NeRF (Mildenhall et al. 2020) set a new standard of photorealism in novel view synthesis, but had a critical flaw: slow rendering. Classic NeRF required many hundreds of neural network queries per pixel - rendering a single 1080p frame took seconds to minutes on a consumer GPU. Optimisations (Instant NGP, Plenoxels, MobileNeRF) shortened that time but still did not achieve real-time 30+ FPS while maintaining SOTA quality. Classic textured 3D meshes deliver real-time, but reproducing complex phenomena (hair, fog, reflections, transparency) was hard or impossible.

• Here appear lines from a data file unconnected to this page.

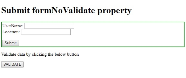 讓我們看一個輸入提交 formNoValidate 屬性的示例 −
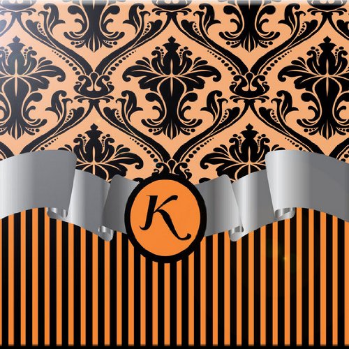 Rikki Knight RK-6intilec-2135 6" X 6" Letter "K" Orange Damask Stripes Monogrammed Design Ceramic Art Tile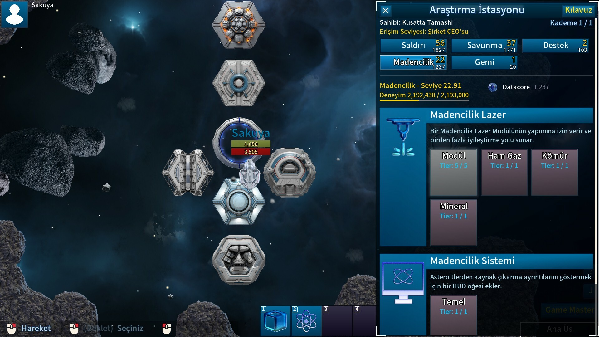Gemiler ve ekipmanlar inşa etmek, yeni teknolojiler araştırmak veya bir üs inşa etmek için asteroitlerden değerli kaynaklar çıkarın.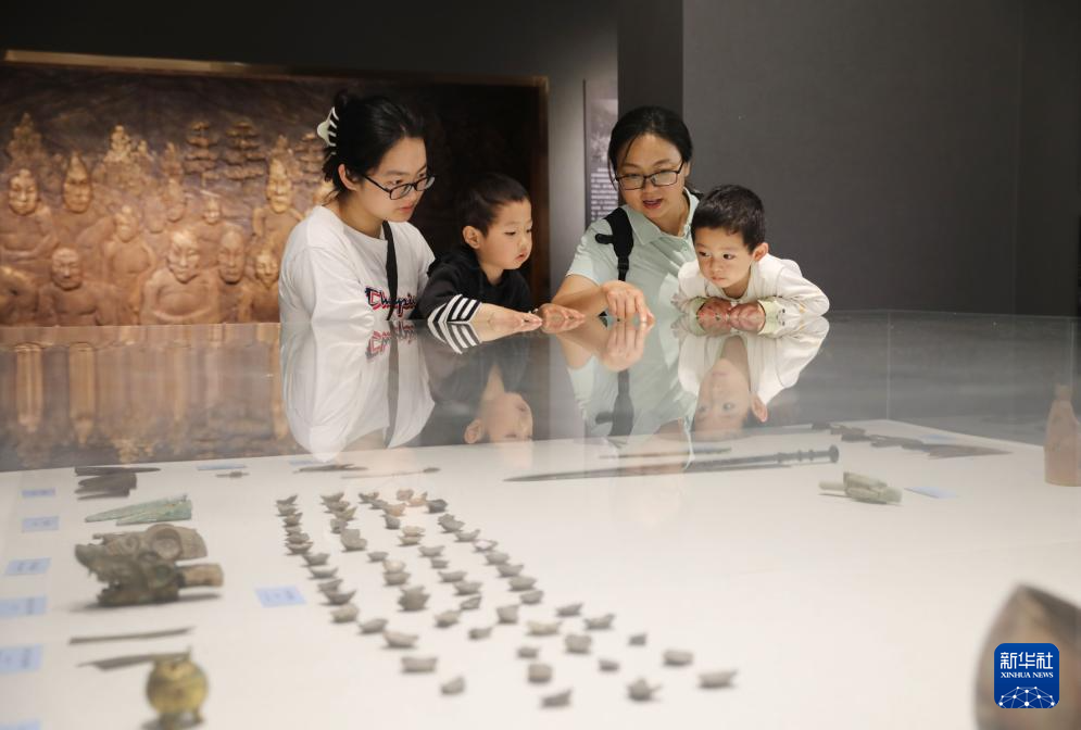 5月3日,观众在山东省临沂市银雀山汉墓竹简博物馆参观。

Gaussian Splatting solves this quality-speed-expressiveness trilemma: an explicit representation (like a mesh) gives real-time rendering, but continuous Gaussians with SH colour reproduce phenomena hard for meshes, while achieving PSNR equal to or better than the best NeRFs.
Basic representation element: an ellipsoidal 'blob' in 3D space. Parametrisation: μ ∈ ℝ³ (position), Σ ∈ ℝ³ˣ³ (covariance decomposed into rotation as a quaternion + scale), c(d) as Spherical Harmonics (view-direction dependent colour), α ∈ [0,1] (opacity). A typical scene contains 1-5M such primitives.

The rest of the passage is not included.